Gregory Lewis expressed bearishness about EA funding further research, though he seemed somewhat bullish about the value of information being good. As he was mostly arguing from his priors and hasn’t closely read the recent psychedelic research literature, I didn’t find this compelling.


Status quo bias in EA

Administering the prize drew out some of the strangeness of the current EA funding landscape for me.

We’re currently in a regime wherein:

  • EA supports deworming scale-up on the order of tens of millions USD annually, without funding much confirmatory research.

  • EA supports rationality training scale-up on the order of millions USD annually, without funding any confirmatory (academic) research.

  • EA does not support psychedelic scale-up at all. (Good Ventures does fund some academic research into psychedelics on the order of a million USD annually, though this funding isn’t under the aegis of EA.)

From my current read, psychedelics have a stronger evidence base than rationality training programs, and about as a strong of an evidence base as deworming (more trials but less scrutiny per trial).

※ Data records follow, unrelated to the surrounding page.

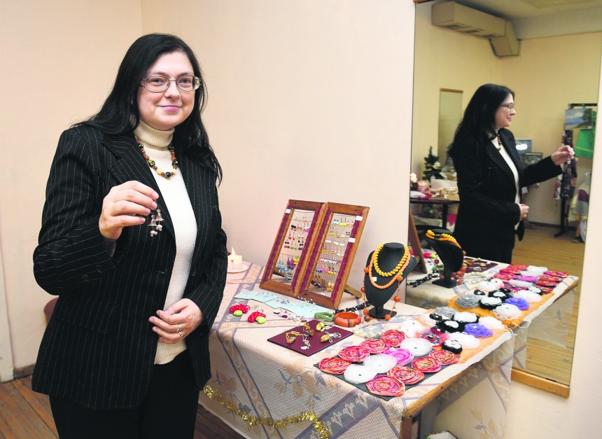 Krāsaināki, svinīgāki, vairāk vasarai piemēroti, ziemas dienā nēsājami - Līga Lukjanska rada visdažādākās noskaņas un stila auskarus un par savām slimībām runāt negrib. Labāk - par auskariem. Izstādei sagatavoti 34 pāri. Ir prieks tos paņemt rokās un apskatīt arī tad, ja pati pircēja nepieder pie auskaru nēsātāju brālības. Atzīstos Līgai, ka tad, kad pati biju ilgstoši slima, nosolījos: kad izveseļošos, izduršu ausīs caurumus un nēsāšu auskarus, bet aizmirsu šo nodomu un tā arī dzīvoju bez ausu rotām. Līga saka: «Nē, tā nevar! Tādā brīdī sev doti solījumi jāpilda!» Un viņai piekrīt citas invalīdu biedrības rokdarbnieces: nākotnes nodomi ir svarīgi, un katram esot kādi plāni, kas jāizdara, jo - jāsteidz dzīvot. «Es katru decembri ap Jaungadu uztaisu sarakstu, vēlams - diviem gadiem, jo vienā gadā viss var nepiepildīties. Spontāni sarakstu kādas simt lietas, ko gribu izdarīt. Šogad pirms mēneša paskatījos - liela daļa ir piepildījusies,» optimistiski atzīst Līga.
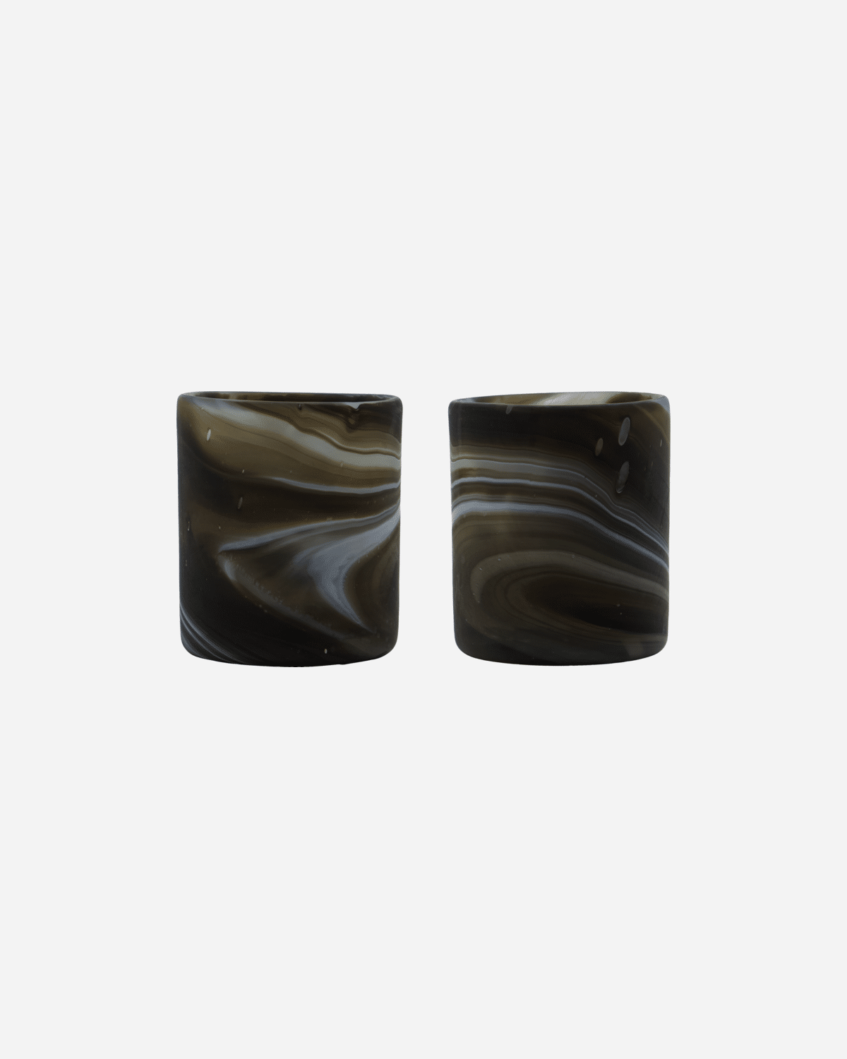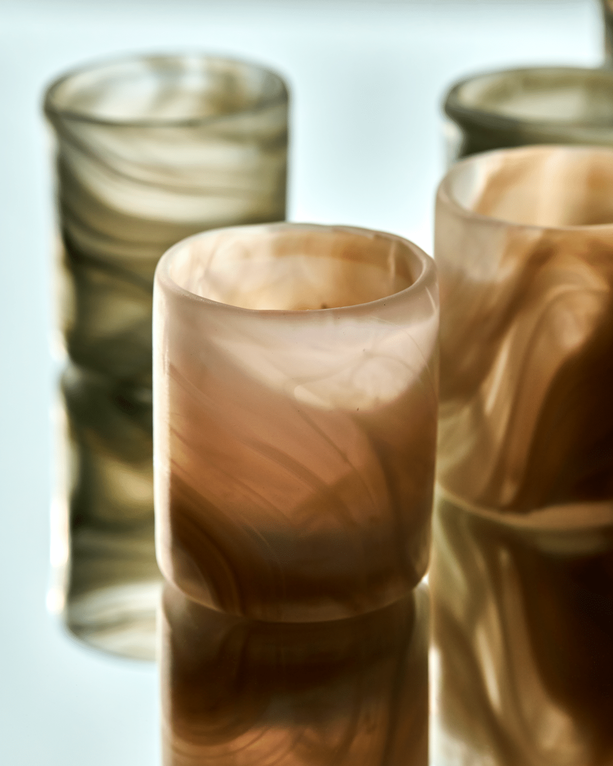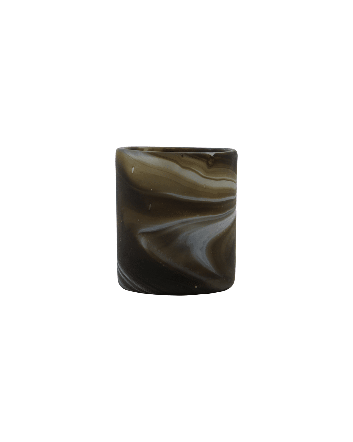 Gi stuen, spisebordet eller badet et løft med denne telysholder i munnblåst brunt glass. Marmorerte detaljer gjør hver holder unik og gir et elegant og varmt uttrykk.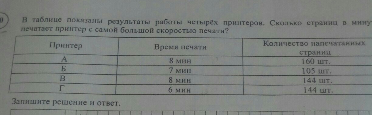 Ответ: 24 страницы в минуту печатает принтер Г с самой большой скоростью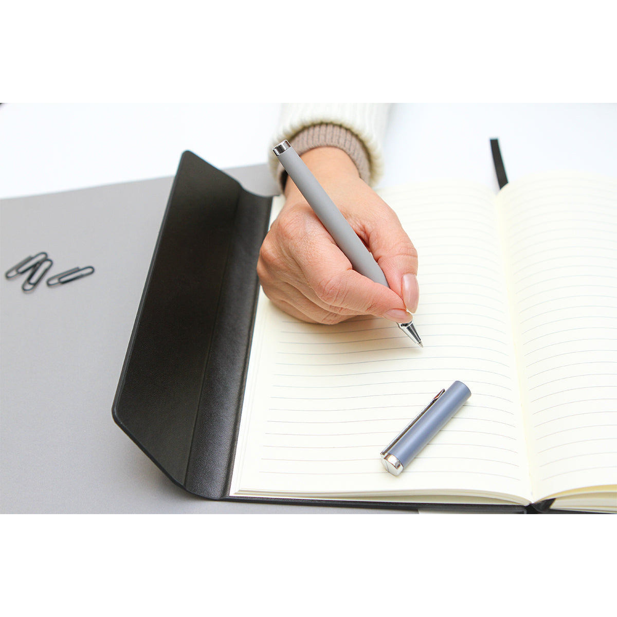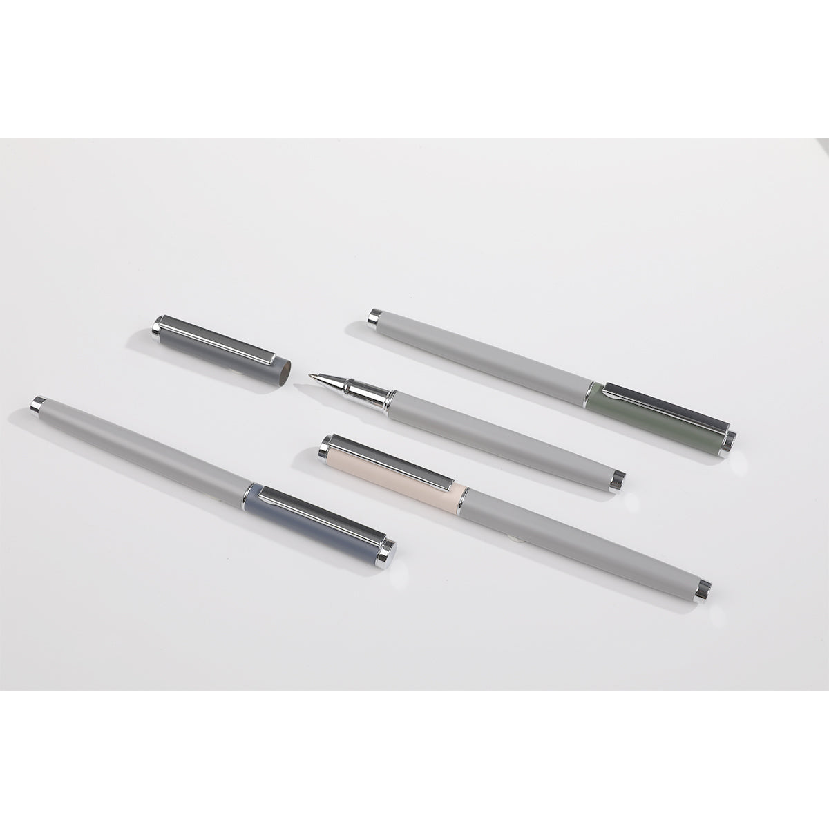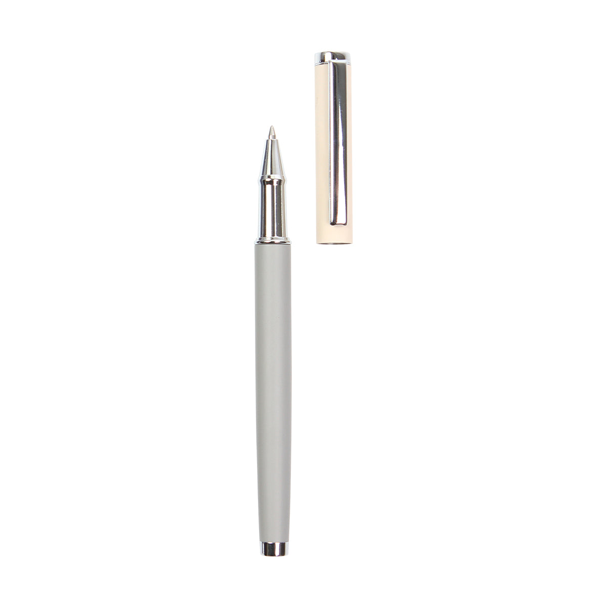 bolígrafo con mecanismo roll, cuerpo rociado metálico, adornos cromados y recarga de tinta enrollable. barril fabricado en acero inoxidable. tinta de escritura negra.
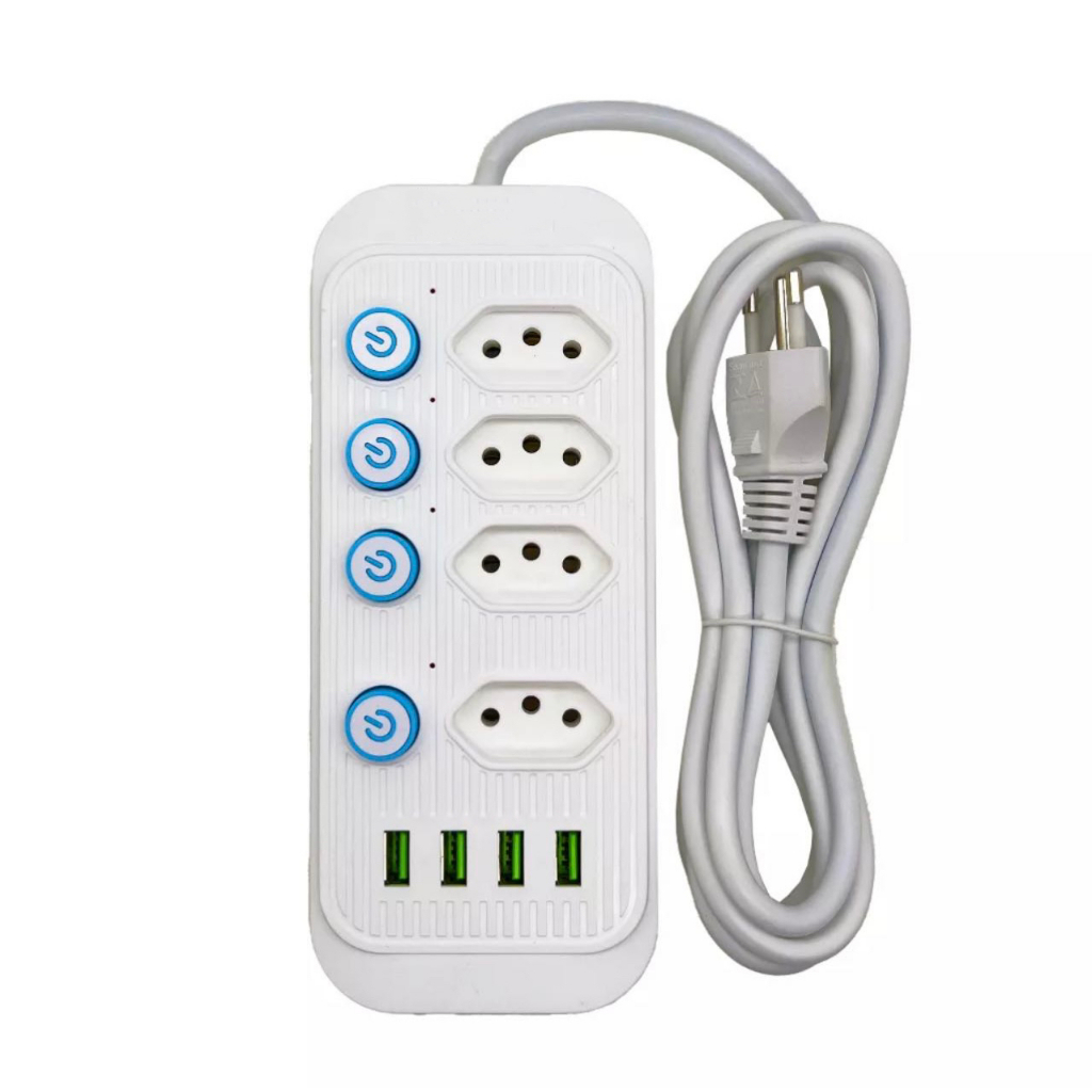 Filtro de Linha Régua com 3/4 Tomadas e 4 USB Extensão Elétrica C/ Cabo de 2 Metros 4 Interruptores Bivolt 110/220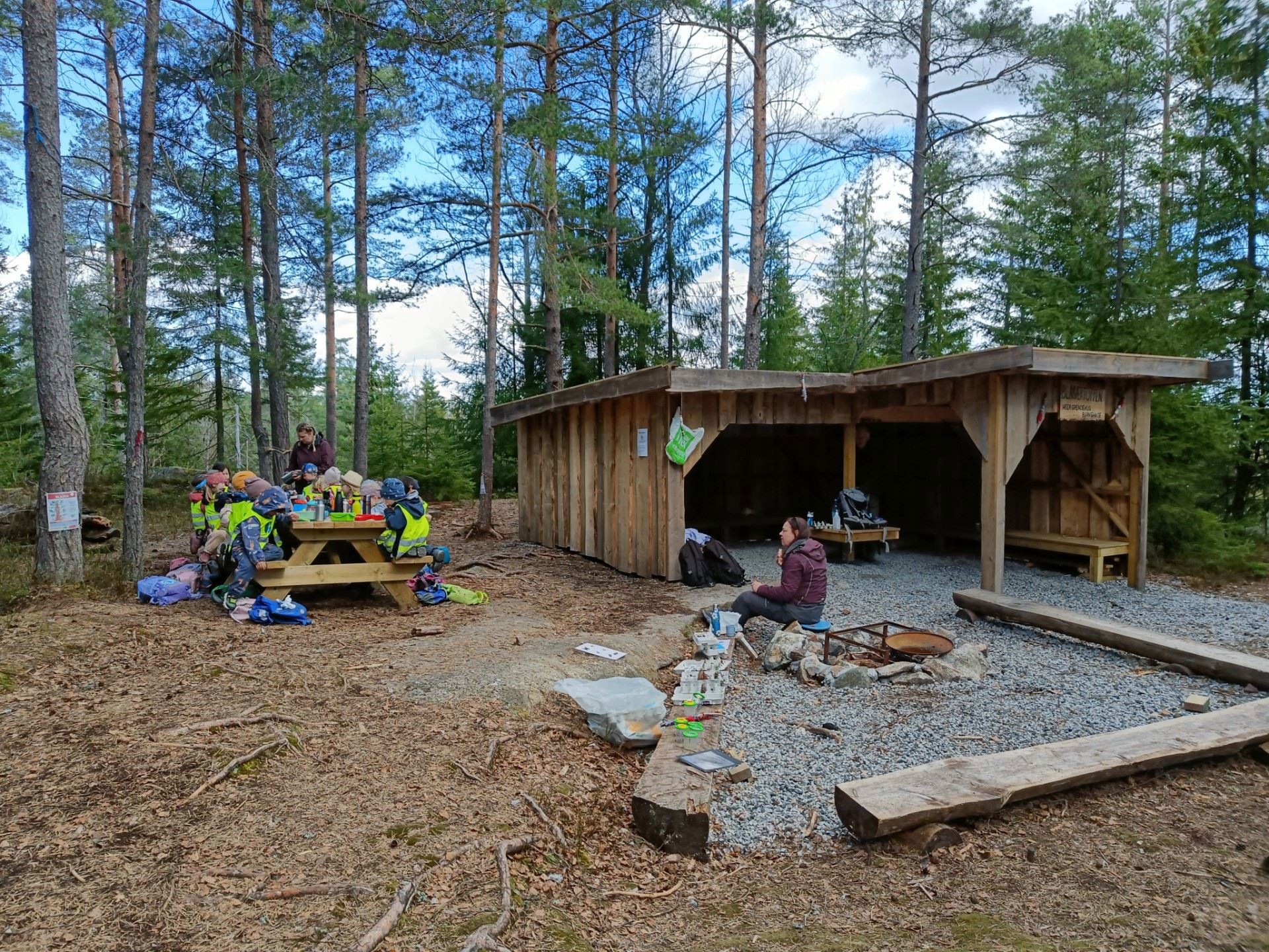 Vi er mye ute på tur og turen går ofte til blåbærtoppen! Der har vi fin gapahuk og mange muligheter til god lek. Nå jobber vi med insekter! Vi liker godt å lete etter insekter og se på dem i forstørrelsesglass. Vi lærer oss også mye om insektene vi finner og andre ting om naturen vi befinner oss i!
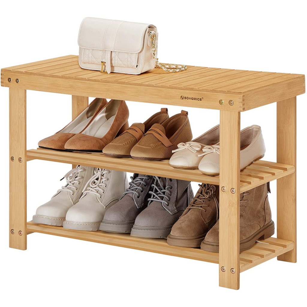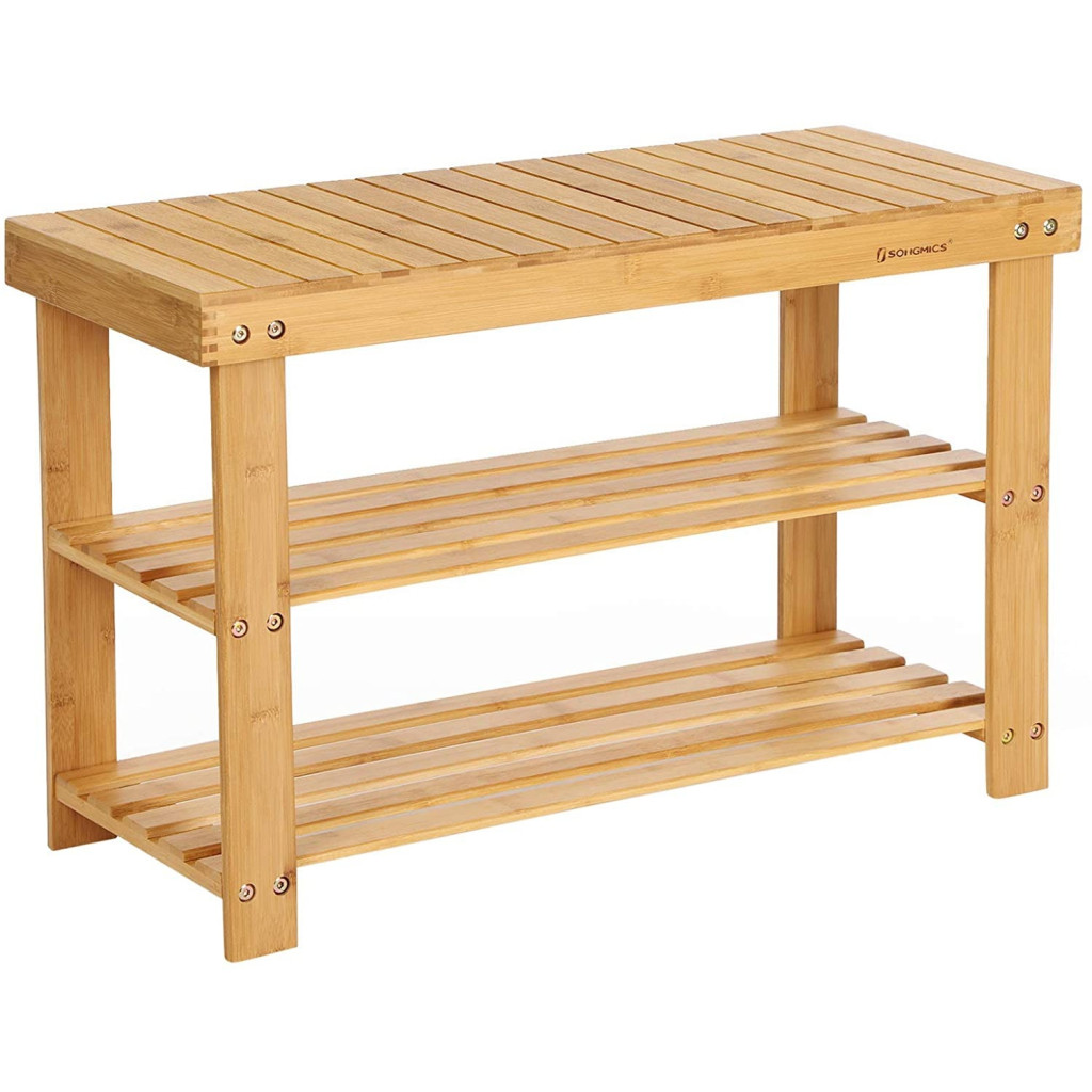 SONGMICS Bambusz cipőtároló polc 3 szintes, natúr 70x28x45cmStabil és Robusztus - A természetes bambusz deszkából készült, csíkos mintázatú, nagy teherbírású pad maximális stabilitást biztosít, és lenyűgöző 120 kg-ot bír el.
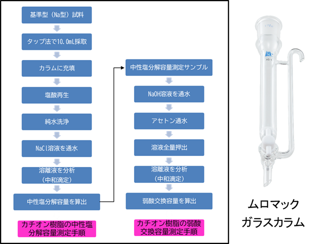 イオン交換容量を測定する方法は色々な方法がありますが、一般的にはカラムにイオン形を調整したイオン交換樹脂を充填して、薬品を通水してイオン交換樹脂を通過した溶液を分析することでイオン交換容量を算出します。
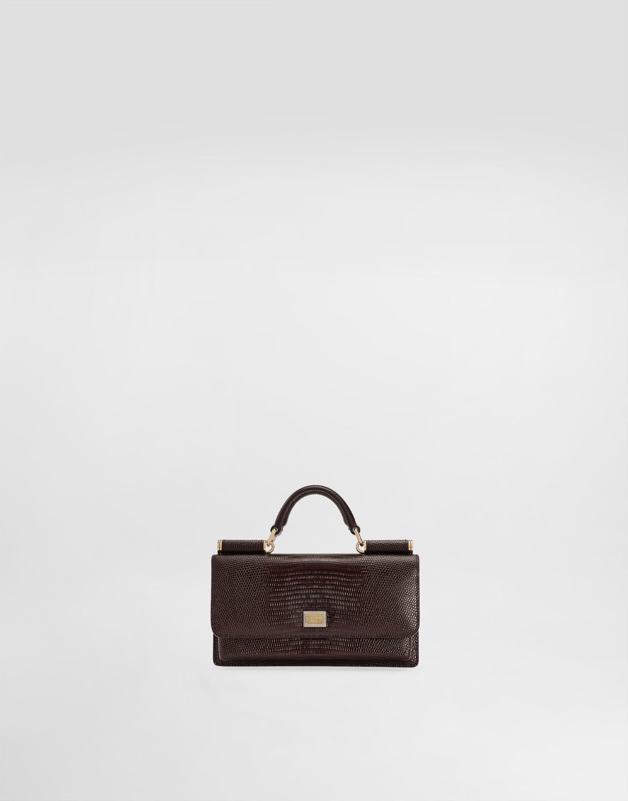 The accessories collection is getting a new function. Practical and versatile, this mini bag comes in iguana-print calfskin with the logo tag featuring two metal plating finishes. Iguana-print calfskin mini bag: • Burgundy • Front flap with hidden magnetic fastening • Logo tag featuring two metal plating finishes • Top handle and detachable chain strap • Iguana-print calfskin lining • Zipped inner pocket with branded slider and four card slots • Item comes with a branded dust bag • Measurements: H11 x L20 x D3 cm • Made in Italy External composition: 100% Calfskin Internal composition: 95% Calfskin 5% Viscose
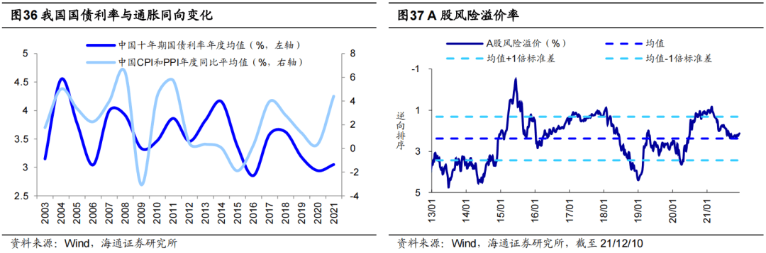 国际定价的大宗商品价格上行将推升全球通胀预期,货币政策难有宽松空间,美联储加息预期升温,根据Bloomberg的预测,22年下半年美联储加息概率较高,美国十年期国债利率中枢大概率上移。在全球经济同步性提升的背景下,08年底以来中美十年期国债利率基本正相关,美债利率的中枢上移,我国国债利率也难以下行。另外,借鉴历史,我国十年期国债利率年度均值和通胀年度均值(CPI和PPI的平均值)同步性较高,明年国内通胀压力仍存,十年期国债利率下行较难。从A股相对估值来看,风险溢价率(A股PE倒数与十年期国债收益率之差)为2.13%,13年以来(截至21/12/10,下同)均值为2.37%,股债收益比(沪深300股息率(过去12个月)/十年期国债收益率)为0.72,13年以来均值为0.71,可见当前股市与债市估值对比处于13年以来的均值附近。十年期国债利率难以下行,会制约A股估值。

I think a lot of this differential in EA support can be attributed to status quo bias – rationality training programs & deworming have been supported by EA for many years for historically contingent reasons, so we’re more likely to view them favorably (in some sense they’re on the “inside”). Psychedelics don’t have a pre-existing association with EA, so we’re inclined to view them with more skepticism (they’re on the “outside”).

It’s also interesting to try to compare psychedelic interventions to x-risk reduction interventions, which EA funds heavily. It’s not easy to compare evidence bases here, as the case for x-risk reduction is largely theoretical (not empirical).